### EXERCISE
Only one span is wanted from the lines below: from the one with "No dia 1º de" up to and including the one with "Гурт: вдавленная надпись". Copy it exactly, without images.

### STUDY MATERIAL
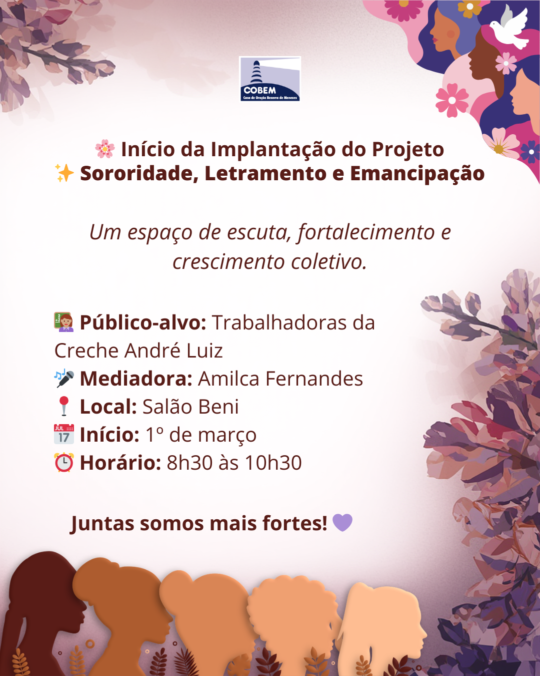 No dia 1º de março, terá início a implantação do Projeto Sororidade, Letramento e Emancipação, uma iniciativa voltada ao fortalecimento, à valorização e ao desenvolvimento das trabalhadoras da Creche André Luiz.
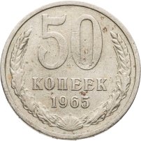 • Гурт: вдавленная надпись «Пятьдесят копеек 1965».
...
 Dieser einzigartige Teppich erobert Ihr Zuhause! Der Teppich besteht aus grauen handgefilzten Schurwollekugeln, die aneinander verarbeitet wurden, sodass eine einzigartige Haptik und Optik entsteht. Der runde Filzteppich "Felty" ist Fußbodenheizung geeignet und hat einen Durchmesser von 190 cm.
...
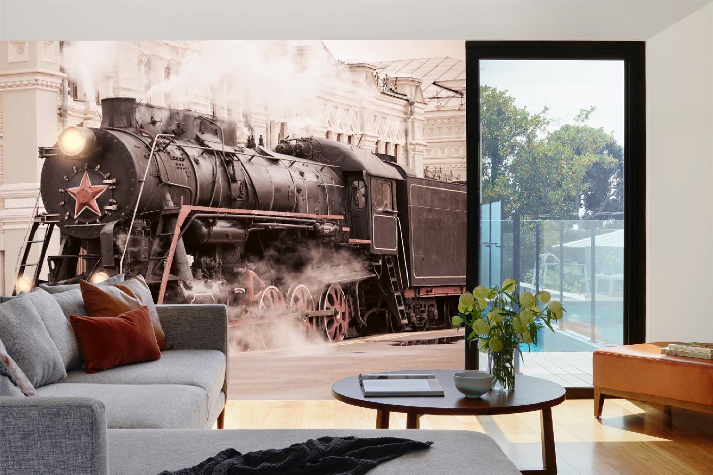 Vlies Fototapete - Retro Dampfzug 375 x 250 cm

### ANSWER SPACE
 No dia 1º de março, terá início a implantação do Projeto Sororidade, Letramento e Emancipação, uma iniciativa voltada ao fortalecimento, à valorização e ao desenvolvimento das trabalhadoras da Creche André Luiz.
 • Гурт: вдавленная надпись «Пятьдесят копеек 1965».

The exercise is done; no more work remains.